Immunoglobulin G (IgG) can be divided in four subclasses (IgG1, IgG2, IgG3 and
IgG4) and is found in internal body fluids such as blood and lymph. In its
fragment crystallizable (Fc) region, IgG has N-linked glycosylation at
asparagine-297, which is important for the interaction with Fc gamma receptors
[5]. Immunoglobulin A (IgA) has two different subclasses, IgA1 and IgA2, and
can occur as a dimer. IgA is mainly found in secretions such as saliva, tears,
milk, sweat and in the lumen of the gut, but small amounts are also present in
blood. Two N-glycans are present on IgA1, while IgA2 carries four [6]. The main
function of IgA and IgG is the neutralization and opsonization of pathogens and
complement activation [2].

1. Shylaja M and Seshadri H.S. (2010).Glycoproteins: an overview. Biochemical
Education 17(4) 17:170-78
2. Parham, P. (2009). The Immune system (3rd ed.). London and New York, United
Kingdom and United States of America: Garland Science.
3. Sandra Pineda-Martínez, José Luis Hernández-Islas, Mónica Patricia
Escobedo-Torres, Iris Evelin Paredes-Alonzo, Carlos López-Candiani, Dolores
Correa, Marcela Vela-Amieva. (2015).
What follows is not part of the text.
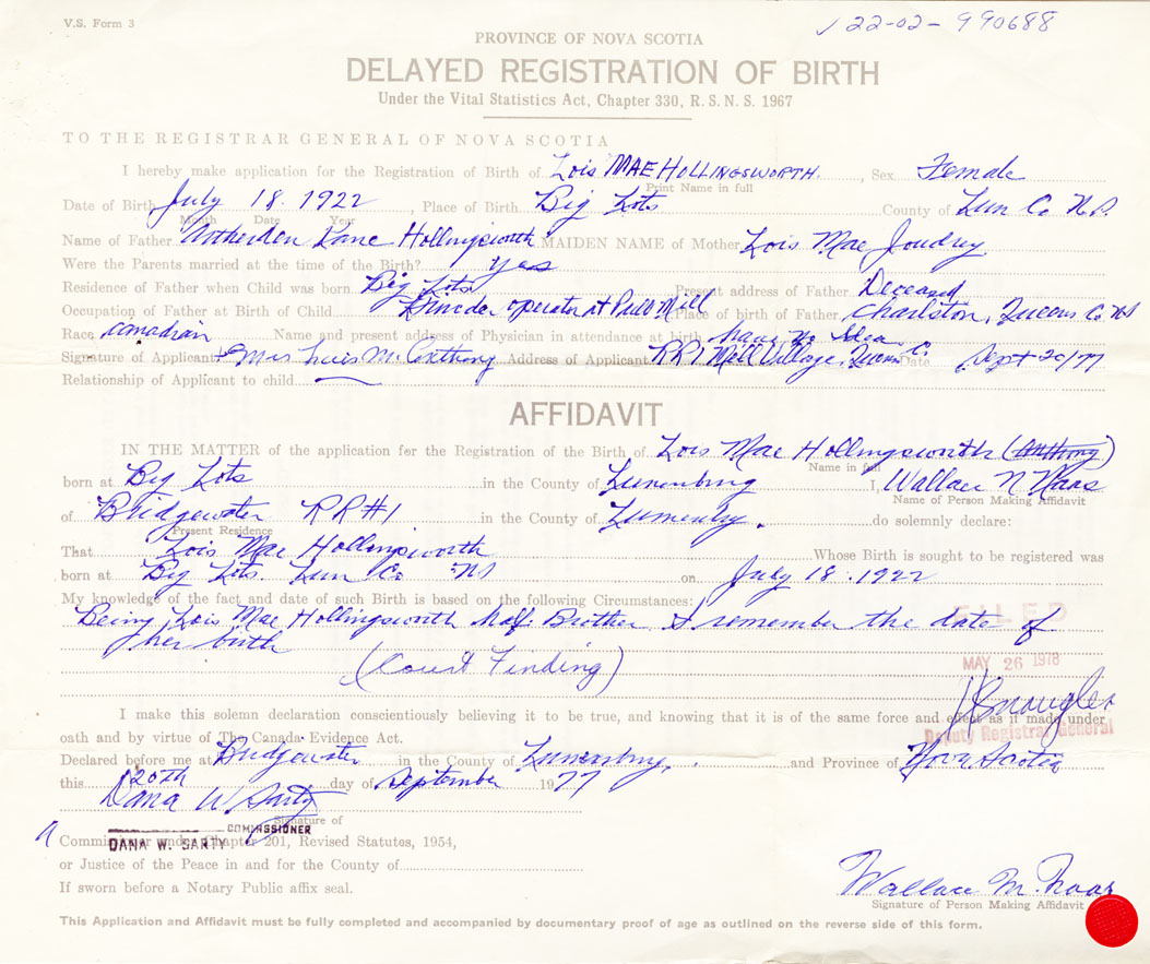 I hereby make application for the Registration of Birth of Lois MaeHollingsworth Sex Female

Immunoglobulin Concentrations in Plasma
and Saliva During the Neonatal Period. Pediatrics & Neonatology
S1875-9572(15)00145-X
4. Mario R. Romero, Marta L Lozano, Carolina Posada, Paola A Rueda, Nelly S.
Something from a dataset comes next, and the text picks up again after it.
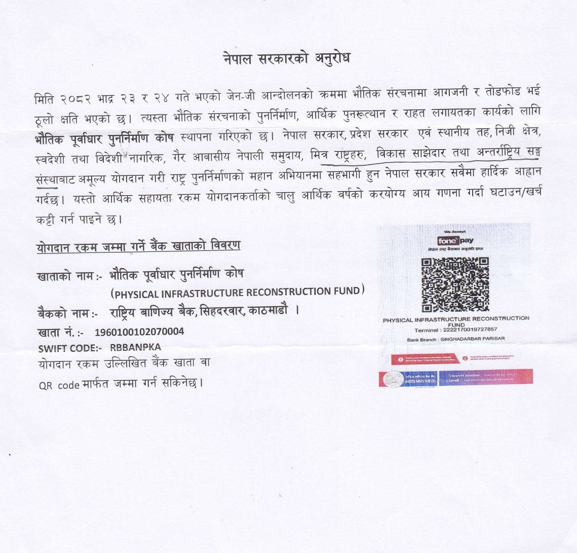 योगदान रकम जम्मा गर्ने सम्बन्धमा नेपाल सरकारको अनुरोध।

Roa, Adriana Rodríguez. (2011). Immunoglobulin A, G and M levels in Saliva in
Children Between 3-12 Years of Age, Healthy and with Gingivitis. Acta Odontol.
Latinoam. 24(2): 176-182
5. Bondt A, Selman MH, Deelder AM, Hazes JM, Willemsen SP, Wuhrer M, Dolhain
RJ. (2013). Association between galactosylation of immunoglobulin G and
improvement of rheumatoid arthritis during pregnancy is independent of
sialylation. Journal of Proteome Research;12(10):4522-31
6. Jerrard M. Hayes, Eoin F. J. Cosgrave, Weston B. Struwe, Mark Wormald, Gavin
P. Davey, Roy Jefferis and Pauline M. Rudd. (2014). Glycosylation and Fc
Receptors. Current Topics in Microbiology Immunology; 382:165-99

We want to study the glycosylation profiles of IgG and IgA in plasma and
saliva of healthy volunteers, collected at the same moment. By investigating
the differences between glycosylation profiles of both salivary and plasma IgG
and IgA, we want to assess the suitability of saliva collection for the study
of glycosylation of these two proteins in biomarker research.
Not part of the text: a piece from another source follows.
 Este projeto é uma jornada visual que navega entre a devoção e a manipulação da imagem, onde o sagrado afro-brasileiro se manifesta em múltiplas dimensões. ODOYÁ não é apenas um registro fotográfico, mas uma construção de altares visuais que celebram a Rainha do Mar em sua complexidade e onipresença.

To investigate the glycosylation of saliva and plasma in healthy individuals,
blood and saliva samples will be collected from 30 healthy individuals aged
18-50 years. Purification of IgG and IgA will be accomplished by using
immobilized affinity ligands that are coupled to magnetic beads. The affinity
ligands specifically bind to and isolate IgA or IgG from other compounds
present in saliva and plasma. A similar method using protein G sepharose beads
is already established for IgG in plasma, but needs to be adjusted for IgG in
saliva and IgA in saliva and plasma. Purified IgA and IgG will then be
digested by a proteolytic enzyme (trypsin) enabling the separation of the
different (glyco)peptides by liquid chromatography and the profiling of their
glycosylation by mass spectrometry. Specialized, in-house built software
(LaCyTools) will be used for LC-MS data analysis and the visualization of
results.

Collection of blood is approximately around the 5 ml. This will not have any
adverse consequences for the participant as the amount of blood drawn is
approximately 1/100 of what is normally collected during blood donations.
Collection of saliva will not have any adverse consequences for the participant
as the collection of saliva is not invasive and easy to collect.